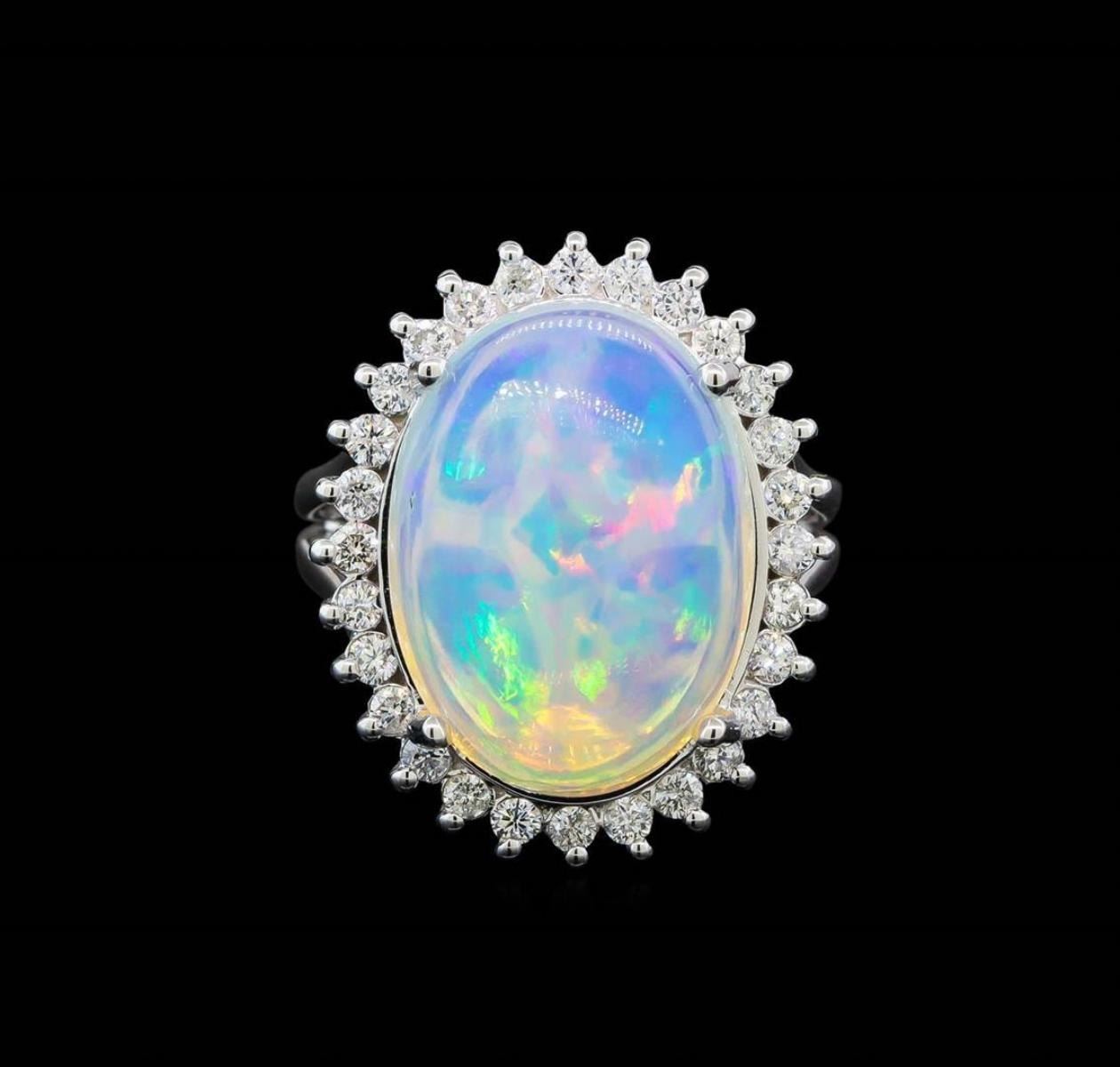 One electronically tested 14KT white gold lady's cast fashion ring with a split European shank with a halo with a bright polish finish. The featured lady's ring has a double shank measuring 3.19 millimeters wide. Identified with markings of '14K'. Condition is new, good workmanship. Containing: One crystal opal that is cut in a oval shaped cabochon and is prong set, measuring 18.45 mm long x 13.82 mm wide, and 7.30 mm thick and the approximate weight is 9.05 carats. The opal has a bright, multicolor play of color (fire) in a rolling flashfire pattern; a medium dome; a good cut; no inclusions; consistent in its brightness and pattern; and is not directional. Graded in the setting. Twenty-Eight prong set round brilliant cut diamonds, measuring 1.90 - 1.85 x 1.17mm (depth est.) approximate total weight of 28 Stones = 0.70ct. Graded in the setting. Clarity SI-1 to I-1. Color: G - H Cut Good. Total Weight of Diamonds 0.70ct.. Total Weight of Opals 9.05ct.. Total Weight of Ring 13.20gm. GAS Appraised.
...
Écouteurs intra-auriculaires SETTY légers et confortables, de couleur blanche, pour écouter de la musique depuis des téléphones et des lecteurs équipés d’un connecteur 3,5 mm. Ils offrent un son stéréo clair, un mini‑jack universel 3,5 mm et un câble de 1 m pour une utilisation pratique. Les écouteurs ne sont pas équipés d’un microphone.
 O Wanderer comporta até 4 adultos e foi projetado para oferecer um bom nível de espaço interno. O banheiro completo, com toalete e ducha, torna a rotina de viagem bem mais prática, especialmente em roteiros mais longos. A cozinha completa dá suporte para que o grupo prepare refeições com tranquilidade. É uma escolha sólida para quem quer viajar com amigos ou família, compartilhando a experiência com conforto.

• [What is being asked]: All that belongs in the answer is the run of lines above from the line containing "Écouteurs intra-auriculaires SETTY" through the line containing "O Wanderer comporta", exactly as written.

• [Expected answer]:
Écouteurs intra-auriculaires SETTY légers et confortables, de couleur blanche, pour écouter de la musique depuis des téléphones et des lecteurs équipés d’un connecteur 3,5 mm. Ils offrent un son stéréo clair, un mini‑jack universel 3,5 mm et un câble de 1 m pour une utilisation pratique. Les écouteurs ne sont pas équipés d’un microphone.
 O Wanderer comporta até 4 adultos e foi projetado para oferecer um bom nível de espaço interno. O banheiro completo, com toalete e ducha, torna a rotina de viagem bem mais prática, especialmente em roteiros mais longos. A cozinha completa dá suporte para que o grupo prepare refeições com tranquilidade. É uma escolha sólida para quem quer viajar com amigos ou família, compartilhando a experiência com conforto.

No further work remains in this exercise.